Work required: From the line containing "1. Prvně je" to the line containing "Sylvania Northview players" in the entries below, reproduce every line exactly, ends included. Nothing else belongs in the copy, and no pictures.

Data to examine:
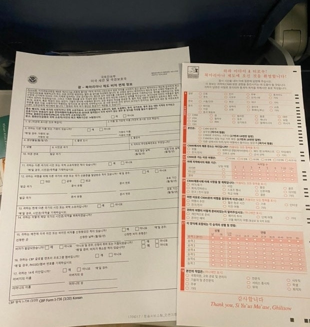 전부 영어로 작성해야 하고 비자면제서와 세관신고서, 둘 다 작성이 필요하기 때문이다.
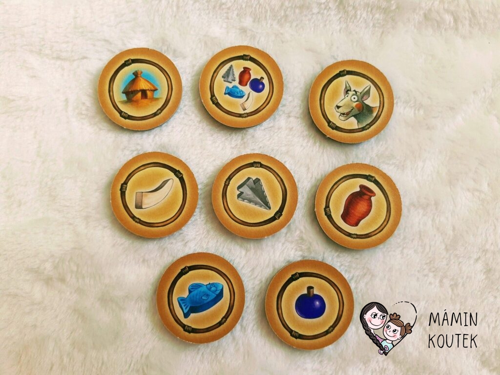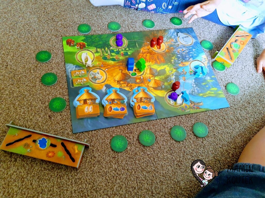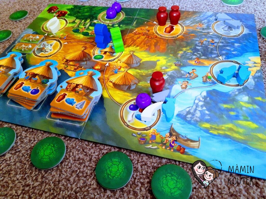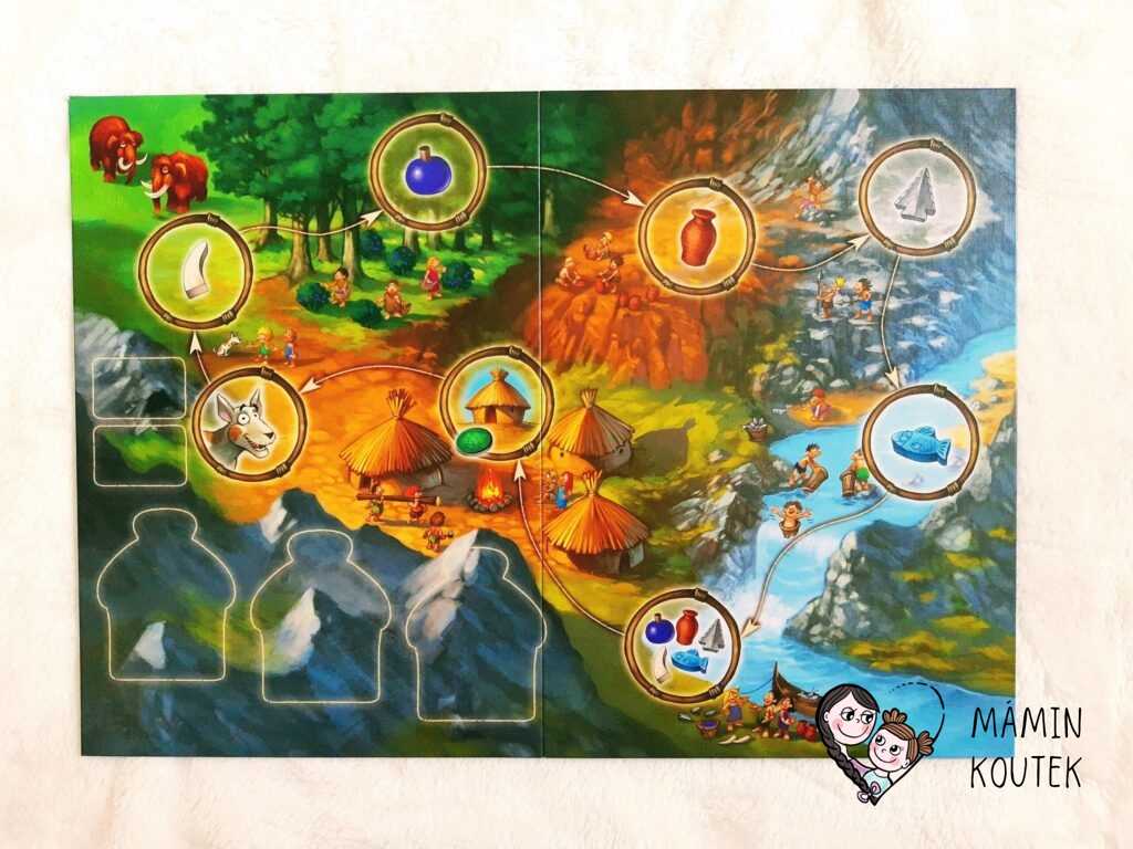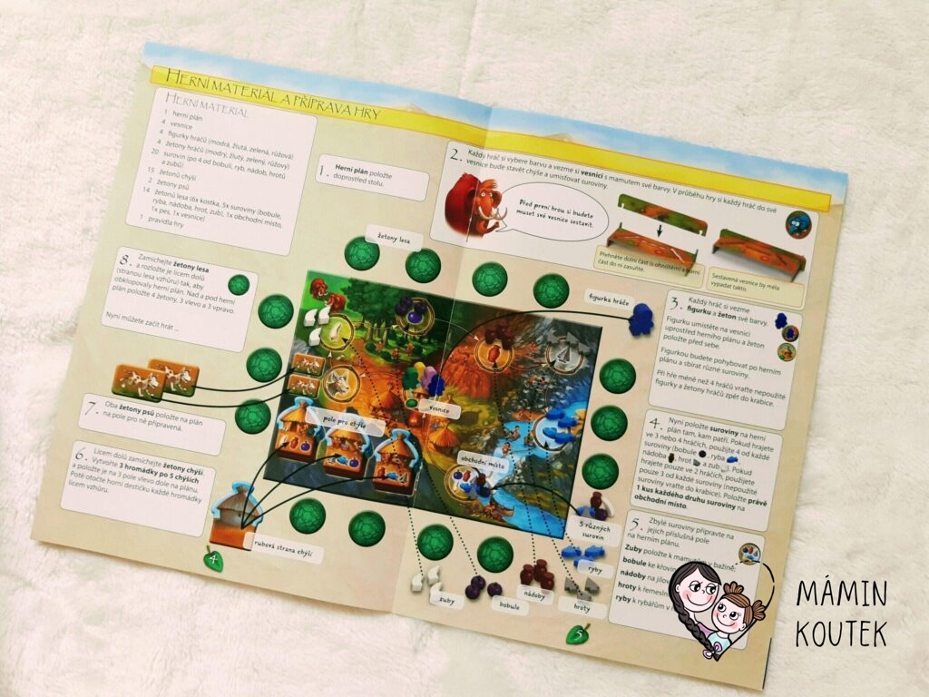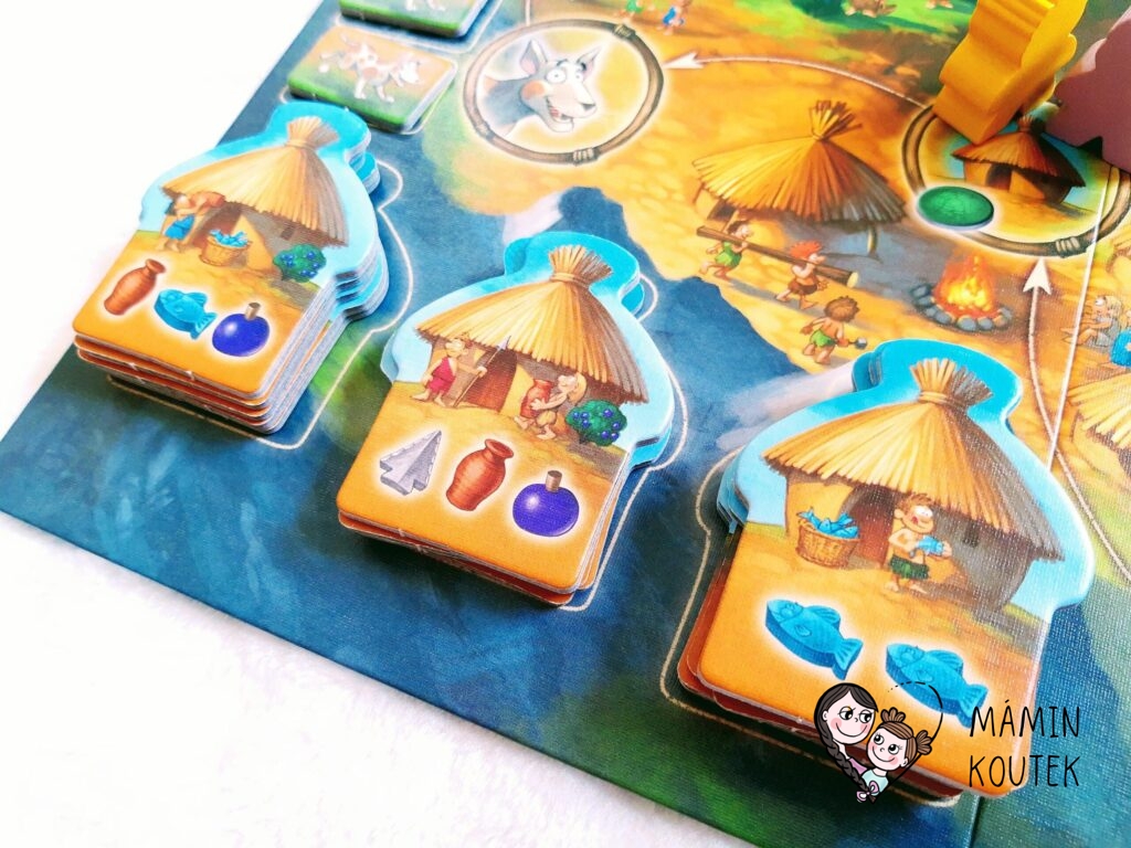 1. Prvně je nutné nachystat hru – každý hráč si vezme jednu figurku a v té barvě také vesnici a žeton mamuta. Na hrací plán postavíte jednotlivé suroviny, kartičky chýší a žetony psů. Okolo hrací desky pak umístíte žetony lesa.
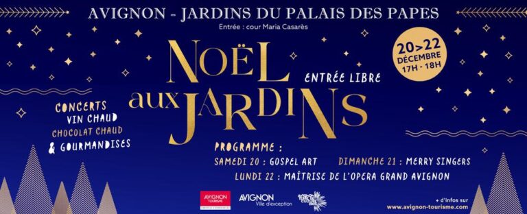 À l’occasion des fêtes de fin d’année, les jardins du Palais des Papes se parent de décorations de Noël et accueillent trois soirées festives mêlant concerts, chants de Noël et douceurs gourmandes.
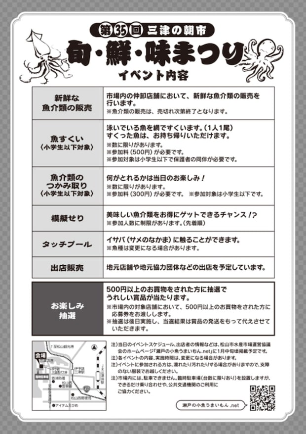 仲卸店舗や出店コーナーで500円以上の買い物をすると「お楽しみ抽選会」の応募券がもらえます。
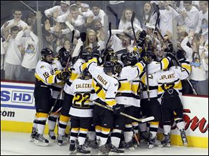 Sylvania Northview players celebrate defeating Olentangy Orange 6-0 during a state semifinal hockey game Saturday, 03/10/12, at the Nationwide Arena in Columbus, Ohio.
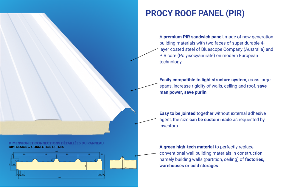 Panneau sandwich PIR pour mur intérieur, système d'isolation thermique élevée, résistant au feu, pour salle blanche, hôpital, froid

* * *

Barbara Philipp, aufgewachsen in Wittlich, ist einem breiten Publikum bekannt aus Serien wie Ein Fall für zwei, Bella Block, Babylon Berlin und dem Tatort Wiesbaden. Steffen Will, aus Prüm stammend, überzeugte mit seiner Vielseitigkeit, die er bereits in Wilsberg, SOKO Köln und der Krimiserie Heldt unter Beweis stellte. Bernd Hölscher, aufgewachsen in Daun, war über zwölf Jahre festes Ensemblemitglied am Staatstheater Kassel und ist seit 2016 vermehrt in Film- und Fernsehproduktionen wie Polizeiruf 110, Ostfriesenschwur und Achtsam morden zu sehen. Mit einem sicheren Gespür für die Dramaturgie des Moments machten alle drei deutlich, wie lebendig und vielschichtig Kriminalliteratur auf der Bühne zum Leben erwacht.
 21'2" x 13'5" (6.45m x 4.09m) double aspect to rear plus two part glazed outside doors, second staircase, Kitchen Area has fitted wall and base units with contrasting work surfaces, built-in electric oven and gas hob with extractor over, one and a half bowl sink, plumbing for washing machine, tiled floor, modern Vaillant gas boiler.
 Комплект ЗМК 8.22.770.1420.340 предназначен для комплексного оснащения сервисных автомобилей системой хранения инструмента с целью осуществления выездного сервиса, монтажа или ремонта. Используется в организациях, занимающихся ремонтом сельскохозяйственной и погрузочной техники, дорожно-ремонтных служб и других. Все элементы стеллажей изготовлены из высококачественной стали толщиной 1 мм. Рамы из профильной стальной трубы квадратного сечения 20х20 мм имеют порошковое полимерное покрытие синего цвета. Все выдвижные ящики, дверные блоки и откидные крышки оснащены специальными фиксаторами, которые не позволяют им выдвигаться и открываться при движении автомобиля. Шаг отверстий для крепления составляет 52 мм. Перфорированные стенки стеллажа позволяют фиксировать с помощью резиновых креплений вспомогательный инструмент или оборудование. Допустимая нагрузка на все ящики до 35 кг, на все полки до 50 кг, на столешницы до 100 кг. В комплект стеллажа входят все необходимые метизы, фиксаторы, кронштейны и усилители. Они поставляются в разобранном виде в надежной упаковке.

...

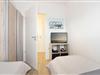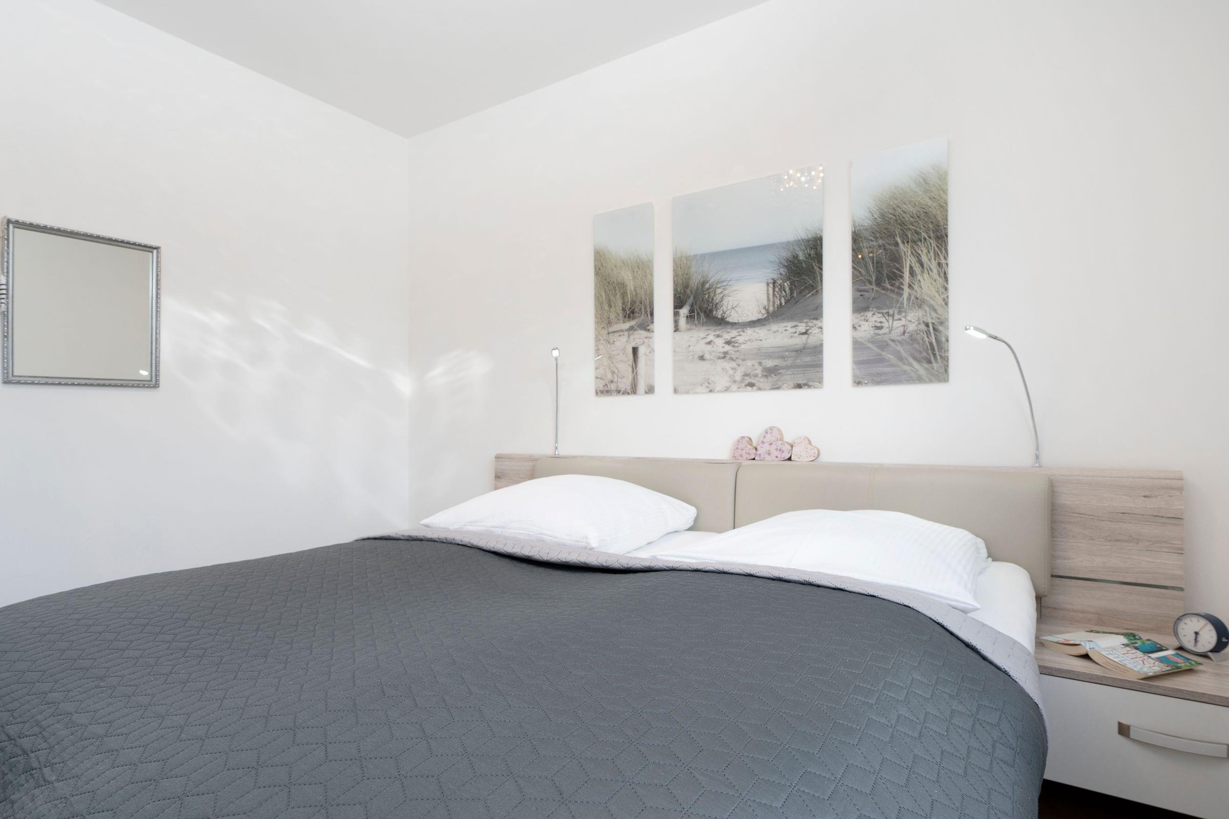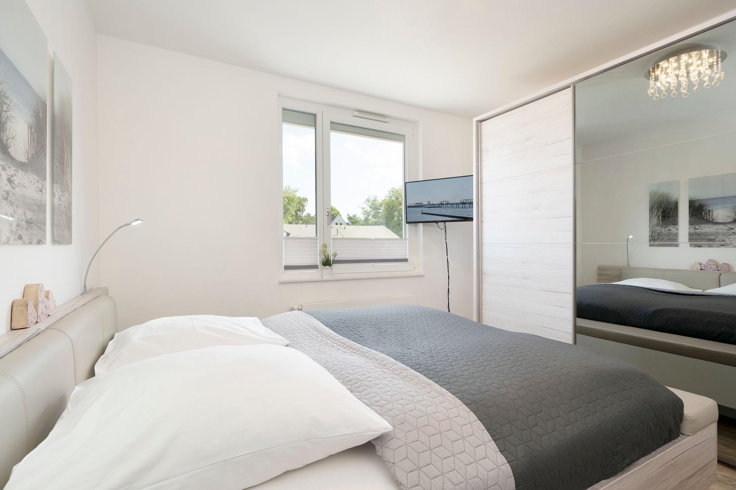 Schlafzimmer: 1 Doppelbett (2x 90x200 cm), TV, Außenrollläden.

Output:
 1. Prvně je nutné nachystat hru – každý hráč si vezme jednu figurku a v té barvě také vesnici a žeton mamuta. Na hrací plán postavíte jednotlivé suroviny, kartičky chýší a žetony psů. Okolo hrací desky pak umístíte žetony lesa.
 À l’occasion des fêtes de fin d’année, les jardins du Palais des Papes se parent de décorations de Noël et accueillent trois soirées festives mêlant concerts, chants de Noël et douceurs gourmandes.
 仲卸店舗や出店コーナーで500円以上の買い物をすると「お楽しみ抽選会」の応募券がもらえます。
 Sylvania Northview players celebrate defeating Olentangy Orange 6-0 during a state semifinal hockey game Saturday, 03/10/12, at the Nationwide Arena in Columbus, Ohio.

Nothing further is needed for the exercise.